Preparing HVU¶

Introduction¶

@article{Diba2019LargeSH,
  title={Large Scale Holistic Video Understanding},
  author={Ali Diba and M. Fayyaz and Vivek Sharma and Manohar Paluri and Jurgen Gall and R. Stiefelhagen and L. Gool},
  journal={arXiv: Computer Vision and Pattern Recognition},
  year={2019}
}

For basic dataset information, please refer to the official project and the paper. Before we start, please make sure that the directory is located at $MMACTION2/tools/data/hvu/.

Step 1. Prepare Annotations¶

First of all, you can run the following script to prepare annotations.

bash download_annotations.sh

Besides, you need to run the following command to parse the tag list of HVU.

python parse_tag_list.py

Step 2. Prepare Videos¶

Then, you can run the following script to prepare videos. The codes are adapted from the official crawler. Note that this might take a long time.

bash download_videos.sh

Step 3. Extract RGB and Flow¶

This part is optional if you only want to use the video loader.

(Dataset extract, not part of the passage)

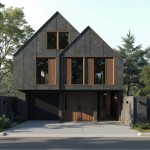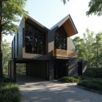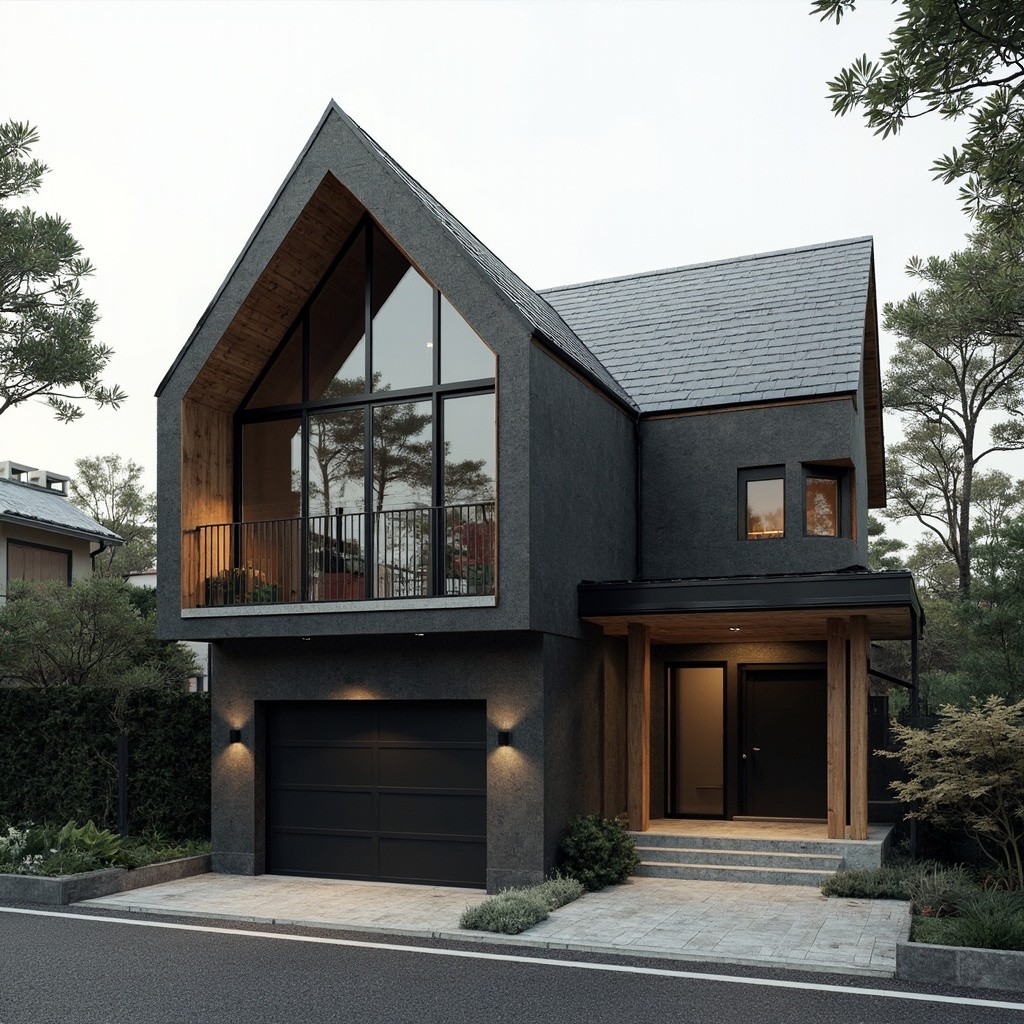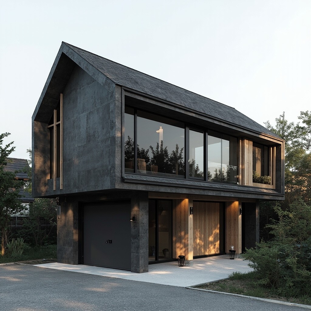 Modern Japanese Two-Level Woodshop with Dark Concrete Grey Exterior

Before extracting, please refer to install.md for installing denseflow.

You can use the following script to extract both RGB and Flow frames.

bash extract_frames.sh

By default, we generate frames with short edge resized to 256. More details can be found in prepare_dataset

Step 4. Generate File List¶

You can run the follow scripts to generate file list in the format of videos and rawframes, respectively.

bash generate_videos_filelist.sh
# execute the command below when rawframes are ready
bash generate_rawframes_filelist.sh

Step 5. Generate File List for Each Individual Tag Categories¶

This part is optional if you don’t want to train models on HVU for a specific tag category.

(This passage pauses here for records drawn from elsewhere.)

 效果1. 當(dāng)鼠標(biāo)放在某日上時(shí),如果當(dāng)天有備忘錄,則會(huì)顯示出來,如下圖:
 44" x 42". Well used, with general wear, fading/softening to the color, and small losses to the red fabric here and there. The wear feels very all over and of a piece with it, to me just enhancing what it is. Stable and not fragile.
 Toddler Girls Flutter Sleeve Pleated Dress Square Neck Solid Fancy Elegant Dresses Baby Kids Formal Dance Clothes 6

The file list generated in step 4 contains labels of different categories. These file lists can only be handled with HVUDataset and used for multi-task learning of different tag categories. The component LoadHVULabel is needed to load the multi-category tags, and the HVULoss should be used to train the model.

If you only want to train video recognition models for a specific tag category, i.e. you want to train a recognition model on HVU which only handles tags in the category action, we recommend you to use the following command to generate file lists for the specific tag category. The new list, which only contains tags of a specific category, can be handled with VideoDataset or RawframeDataset. The recognition models can be trained with BCELossWithLogits.

The following command generates file list for the tag category ${category}, note that the tag category you specified should be in the 6 tag categories available in HVU: [‘action’, ‘attribute’, ‘concept’, ‘event’, ‘object’, ‘scene’].

python generate_sub_file_list.py path/to/filelist.json ${category}

The filename of the generated file list for ${category} is generated by replacing hvu in the original filename with hvu_${category}. For example, if the original filename is hvu_train.json, the filename of the file list for action is hvu_action_train.json.

Step 6. Folder Structure¶

After the whole data pipeline for HVU preparation. you can get the rawframes (RGB + Flow), videos and annotation files for HVU.

In the context of the whole project (for HVU only), the full folder structure will look like:

mmaction2
├── mmaction
├── tools
├── configs
├── data
│   ├── hvu
│   │   ├── hvu_train_video.json
│   │   ├── hvu_val_video.json
│   │   ├── hvu_train.json
│   │   ├── hvu_val.json
│   │   ├── annotations
│   │   ├── videos_train
│   │   │   ├── OLpWTpTC4P8_000570_000670.mp4
│   │   │   ├── xsPKW4tZZBc_002330_002430.mp4
│   │   │   ├── ...
│   │   ├── videos_val
│   │   ├── rawframes_train
│   │   ├── rawframes_val

For training and evaluating on HVU, please refer to Training and Test Tutorial.